_ASSIGNMENT_: Nothing but the text of the listing, repeated exactly, belongs in the answer; leave the images out.

_MATERIAL PROVIDED_:

--------------------------------

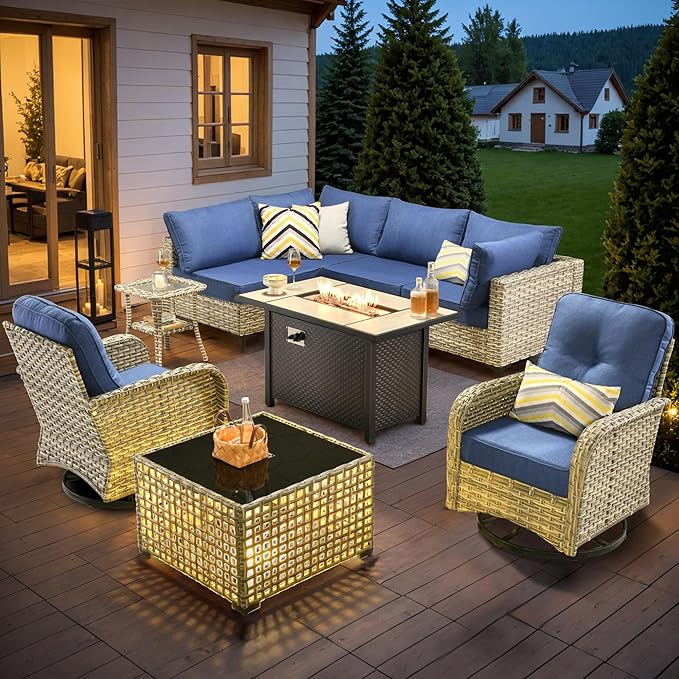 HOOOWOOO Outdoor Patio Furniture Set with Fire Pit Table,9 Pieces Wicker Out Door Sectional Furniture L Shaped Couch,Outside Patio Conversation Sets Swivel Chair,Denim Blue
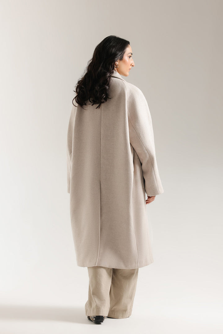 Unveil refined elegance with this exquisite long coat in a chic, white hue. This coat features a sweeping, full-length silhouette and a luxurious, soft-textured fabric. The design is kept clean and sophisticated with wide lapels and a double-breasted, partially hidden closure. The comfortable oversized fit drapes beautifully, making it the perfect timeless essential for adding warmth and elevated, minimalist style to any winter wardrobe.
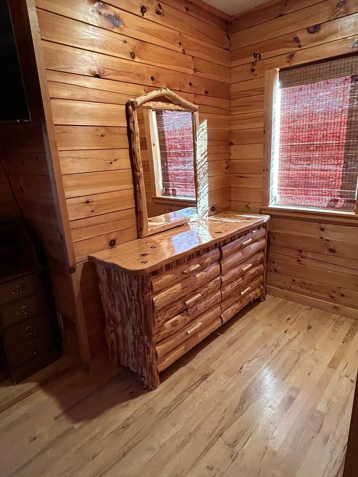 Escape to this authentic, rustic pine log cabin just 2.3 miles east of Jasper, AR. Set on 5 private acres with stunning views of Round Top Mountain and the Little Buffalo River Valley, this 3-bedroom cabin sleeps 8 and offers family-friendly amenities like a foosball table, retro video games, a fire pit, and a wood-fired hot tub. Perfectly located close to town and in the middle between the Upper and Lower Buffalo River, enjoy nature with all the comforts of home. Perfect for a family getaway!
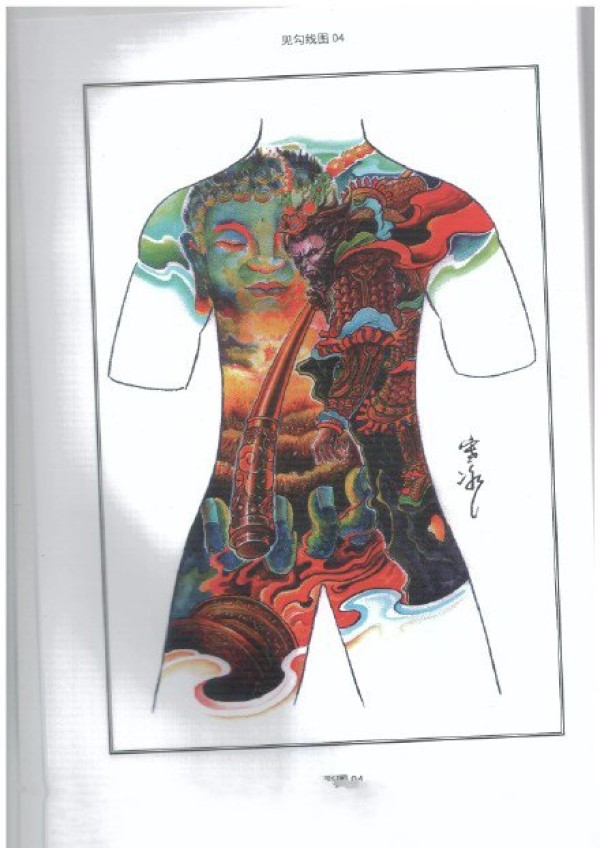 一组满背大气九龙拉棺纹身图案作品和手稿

--------------------------------

_YOUR RESPONSE_:
 HOOOWOOO Outdoor Patio Furniture Set with Fire Pit Table,9 Pieces Wicker Out Door Sectional Furniture L Shaped Couch,Outside Patio Conversation Sets Swivel Chair,Denim Blue
 Unveil refined elegance with this exquisite long coat in a chic, white hue. This coat features a sweeping, full-length silhouette and a luxurious, soft-textured fabric. The design is kept clean and sophisticated with wide lapels and a double-breasted, partially hidden closure. The comfortable oversized fit drapes beautifully, making it the perfect timeless essential for adding warmth and elevated, minimalist style to any winter wardrobe.
 Escape to this authentic, rustic pine log cabin just 2.3 miles east of Jasper, AR. Set on 5 private acres with stunning views of Round Top Mountain and the Little Buffalo River Valley, this 3-bedroom cabin sleeps 8 and offers family-friendly amenities like a foosball table, retro video games, a fire pit, and a wood-fired hot tub. Perfectly located close to town and in the middle between the Upper and Lower Buffalo River, enjoy nature with all the comforts of home. Perfect for a family getaway!
 一组满背大气九龙拉棺纹身图案作品和手稿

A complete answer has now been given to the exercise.